В тот день Балашов съехал с кельнской квартиры своей спутницы, что на улице, которая должна вести к Богу[63], и вернулся в собственное фрехенское арендованное жилье, которое, к счастью, по-прежнему оставалось за ним. Квартира встретила хозяина зябкими белыми, в цементных пупырышках, стенами, обнадежила бутылкой пива на подоконнике, куском сыра и двумя крупными яйцами в холодильнике, обрадовала дешевым немецким бренди в шкафу. Балашов долго, пристально изучил яйца, он перекладывал их из руки в руку, взвешивал, взвешивал, а затем, распахнув окно, зачем-то вышвырнул их одно за другим. На асфальте образовались цыплячьи брызги. Их вид Игоря успокоил. Хорошее название для рассказа – яйца на асфальте. Раскупорил бренди, понюхал содержимое, потом пробку – и вылил в раковину. Трезвым рухнул в старое кресло, которое когда-то, еще «при Маше», притащил со «шперы»[64]. Кресло хрустнуло, скрипнуло, приняв тело хозяина. Тот прикрыл веки. Располнел? Пружина, которая, оказывается, изо дня в день, неделю за неделей, месяц за месяцем, год за годом по чуть-чуть сжималась в сердце, разом получила свободу и принялась распрямляться, побуждая распороть холст прежнего бытования, совершить подвиг и, грозя своим стремлением к несжатости, разорвать орган души. Игорь сидел с закрытыми глазами недолго. Страх вот так, от разрыва сердца взять и умереть, охватил его, и он поднялся, принялся бродить по комнате, наконец, взял с полки собственную книгу, пролистал… и выкинул ее в окно. Вон она, в мягком переплете, покоится на асфальте, неподалеку от несостоявшихся цыплят. Книга раскрыта. Ветерок бережно шевелит странички. Так старший брат поглаживает волосики на голове малышки-сестрички. А что, если и самому – вслед за книгой? Осуществить не самоубийство, нет, а самоликвидацию? Разделить ее судьбу, вернее, наоборот, дополнить, сложить со своей. Но на каком рассказе она останется раскрытой? На самом бездарном рассказе!
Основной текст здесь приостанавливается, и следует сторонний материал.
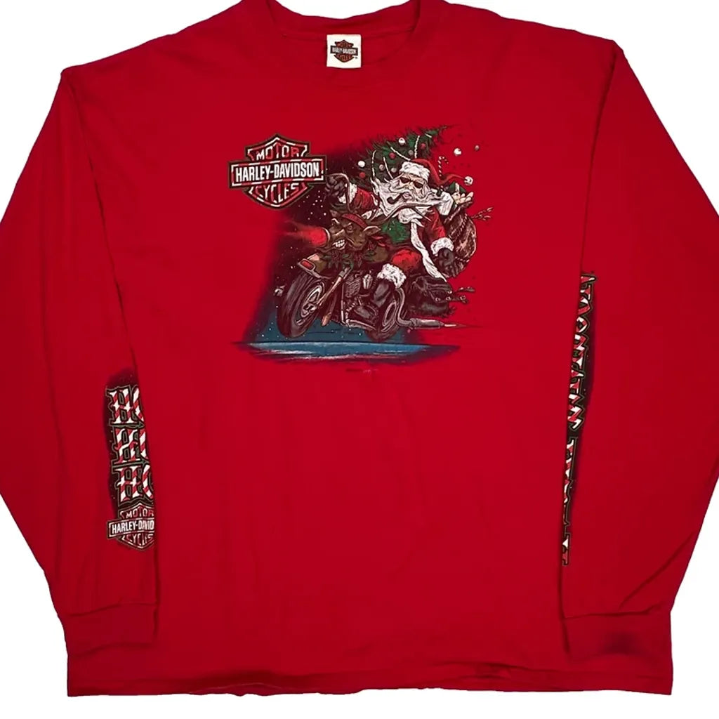 Santa On Motorcycle Harley Davidson Long Sleeve T-Shirt, fits Xxx-Large.

Балашов поместил на подоконник пиво и сам уселся в проеме окна. Ему вспомнилось, как дочь описала их с матерью встречу с Логиновым. Все они – в Москве. Даже Логинов, этот скептик и обособленец. Он с собственным сыном – там. Маша – там. Дочка – там. А он спорит с брунгильдами о том, нужна ли в природе относительность, есть ли в ней место капле лимонного экстракта, ругательное ли слово «родина»… Брунгильды водят его на привязи к кальтенбергам, как сучку на случку, а Логинов, вероятно, уже снова точит самурайский меч. Там фронт. А тут – болото. Игорь взял в руку, за узкое гладкое горлышко, бутылку. Ему захотелось и ее бросить вниз, будто это не бутылка, а граната. И в кого кинуть… «Получи, фашист, гранату от советского солдата!» Чушь, какая-то несусветная чушь. При чем тут эта считалочка из других, несуществующих времен? Из каких недр памяти она извлечена во имя экзистенциального спора с брунгильдами?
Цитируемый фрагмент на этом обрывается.